This document describes the PostgreSQL data types that sqlift supports and how they map to target language types.

Supported PostgreSQL Types

Python Mappings

PostgreSQL Type Python Type Import Required
smallint, int2 int -
integer, int, int4 int -
bigint, int8 int -
boolean, bool bool -
text str -
varchar(n), character varying(n) str -
char(n), character(n) str -
real, float4 float -
double precision, float8 float -
numeric, decimal Decimal from decimal import Decimal
timestamp, timestamp without time zone datetime from datetime import datetime
timestamptz, timestamp with time zone datetime from datetime import datetime
date date from datetime import date
time, time without time zone time from datetime import time
timetz, time with time zone time from datetime import time
uuid UUID from uuid import UUID
json dict[str, Any] from typing import Any
jsonb dict[str, Any] from typing import Any
bytea bytes -
Arrays (e.g., integer[], text[]) list[T] (depends on element type)
Custom enum types Generated Enum class from enum import Enum

Nullable Handling

  • Nullable columns use Python's union syntax: T | None
  • Non-nullable columns use the base type directly

Example:

@dataclass
class UserRecord:
    id: int              # NOT NULL
    email: str           # NOT NULL
    nickname: str | None # NULL allowed

Update/Upsert Parameter Types

For update and upsert functions, parameters use the _Unset sentinel type to support partial updates:

Column Type Record Field Type Update Parameter Type
NOT NULL T T | _Unset
NULL T | None T | None | _Unset

This allows distinguishing between:

  • Not passing a parameter (field unchanged) - uses UNSET default
  • Passing None (set field to NULL) - for nullable columns
  • Passing a value (update the field)

Example:

def update_user(
    conn: Connection,
    id: int,                                    # PK - required
    email: str | _Unset = UNSET,               # Non-nullable field
    nickname: str | None | _Unset = UNSET,     # Nullable field
) -> UserRecord | None:
    ...

# Usage:
update_user(conn, id=1, email="new@example.com")  # Only update email
update_user(conn, id=1, nickname=None)             # Set nickname to NULL

Array Types

PostgreSQL arrays are mapped to Python list[T] where T is the element type:

PostgreSQL Array Python Type
integer[] list[int]
text[] list[str]
uuid[] list[UUID]
varchar(255)[] list[str]

Custom Enum Types

PostgreSQL enum types are introspected and generated as Python Enum classes that inherit from both str and Enum:

-- PostgreSQL
CREATE TYPE order_status AS ENUM ('pending', 'confirmed', 'shipped', 'delivered');
# Generated Python
class OrderStatus(str, Enum):
    PENDING = "pending"
    CONFIRMED = "confirmed"
    SHIPPED = "shipped"
    DELIVERED = "delivered"

The str inheritance allows the enum values to be used directly in SQL queries without conversion.
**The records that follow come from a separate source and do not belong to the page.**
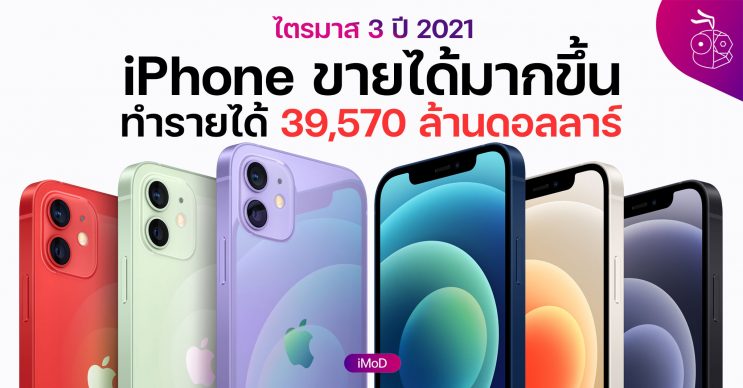 จำนวนผู้ใช้ iPhone ทั้งผู้ใช้รายใหม่และรายเก่า (ที่อัปเกรดมาเป็นรุ่นใหม่) เป็นจุดสำคัญที่ทำให้รายจาก iPhone เพิ่มสูงมากในไตรมาส 3 ปี 2021 นี้ มีรายได้จากการขาย iPhone มากถึง 39,570 ล้านดอลลาร์ มากกว่าปีที่แล้วที่ทำได้ 26,418 ล้านดอลลาร์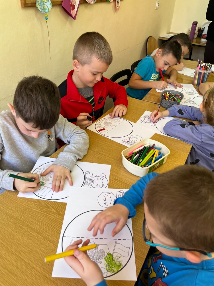 Uczniowie poznali historię odzyskania przez Polskę niepodległości, postać Józefa Piłsudskiego oraz polskie symbole narodowe: godło, flagę i hymn. Wykonali też przepiękne prace plastyczne nawiązujące do barw i symboli narodowych.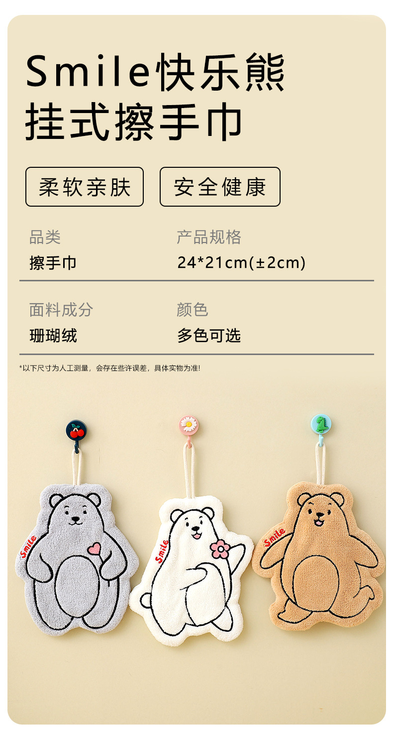 coral velvet cute cartoon smile happy bear hand towel kitchen absorbent hanging thickened cross-border supply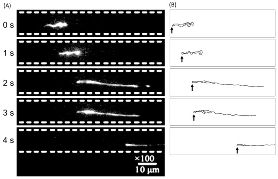 (A) Electrophoretic migration behavior of a single T4 DNA molecule in a 100 nm wide and 100 nm deep nanochannel, which is arrayed continuously side-by-side with 400 nm spacing inside dashed white lines. An electric field of around a few V/cm was applied horizontally along the nanochannels. (B) Presumed DNA conformation is depicted as a black line in the right for clarity. The folded and twisted parts, indicated by arrows, could be caused by defects in the silicon dioxide layer during anodic bonding. The DNA molecule appears to switch the nanochannel vertically during migration.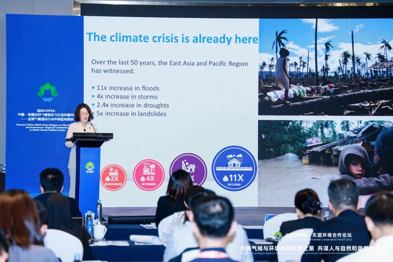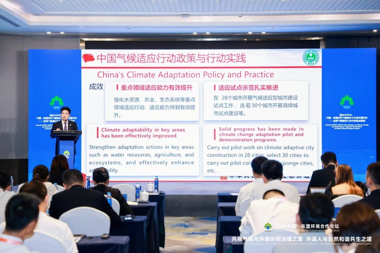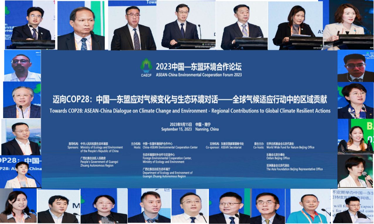 2023年9月15日,作为中国-东盟环境合作论坛平行论坛之一,“迈向COP28:中国-东盟应对气候变化与生态环境对话——全球气候适应行动中的区域贡献”在广西南宁顺利举办。本次活动由中国生态环境部、广西壮族自治区人民政府指导,东南亚国家联盟秘书处支持,中国-东盟环境保护合作中心/生态环境部对外合作与交流中心、广西壮族自治区生态环境厅主办,世界自然基金会北京代表处、乐施会北京办事处、亚洲基金会北京代表处联合主办。来自生态环境部及地方环境部门、东盟国家环境与气候部门、联合国驻华机构、相关国际组织、研究机构以及企业代表参加会议。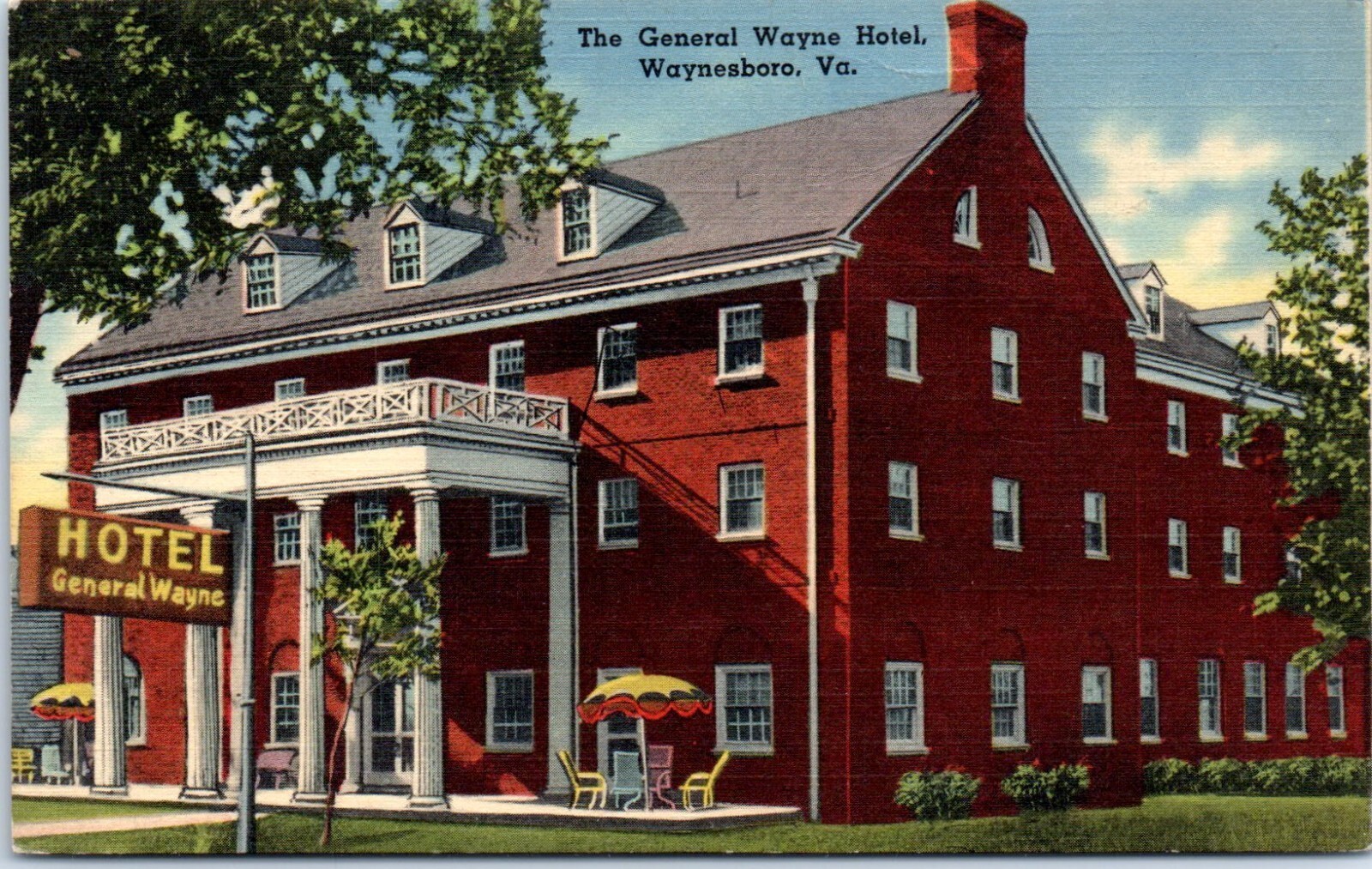 1930s The General Wayne Hotel Waynesboro VA Postcard

Unsupported PostgreSQL Types

The following PostgreSQL types are not currently supported. If encountered, they will be treated as custom enum types (which will likely cause issues):

Numeric Types

  • money

Date/Time Types

  • interval - Duration type

Network Types

  • cidr - IPv4 or IPv6 network
  • inet - IPv4 or IPv6 host address
  • macaddr - MAC address
  • macaddr8 - MAC address (EUI-64 format)

Geometric Types

  • point
  • line
  • lseg
  • box
  • path
  • polygon
  • circle

Text Search Types

  • tsvector
  • tsquery

Binary Types

  • bit(n)
  • bit varying(n)

Other Types

  • xml
  • pg_lsn - Log sequence number
  • txid_snapshot - Transaction snapshot

Composite Types

  • User-defined composite types

Range Types

  • int4range, int8range
  • numrange
  • tsrange, tstzrange
  • daterange
  • Custom range types

Domain Types

  • User-defined domain types

Edge Cases

Tables Without Primary Keys

Tables without primary keys only generate get_all and insert functions. The following operations require a primary key and are skipped:

  • get_by_* - No unique identifier to look up by
  • update - No PK for WHERE clause
  • delete - No PK for WHERE clause
  • upsert - No PK for ON CONFLICT

Tables With All Default/Auto-Generated Columns

When all columns have defaults or are auto-generated (e.g., a table with only id SERIAL and created_at TIMESTAMP DEFAULT NOW()), the insert function takes no parameters and uses INSERT INTO table_name DEFAULT VALUES RETURNING *.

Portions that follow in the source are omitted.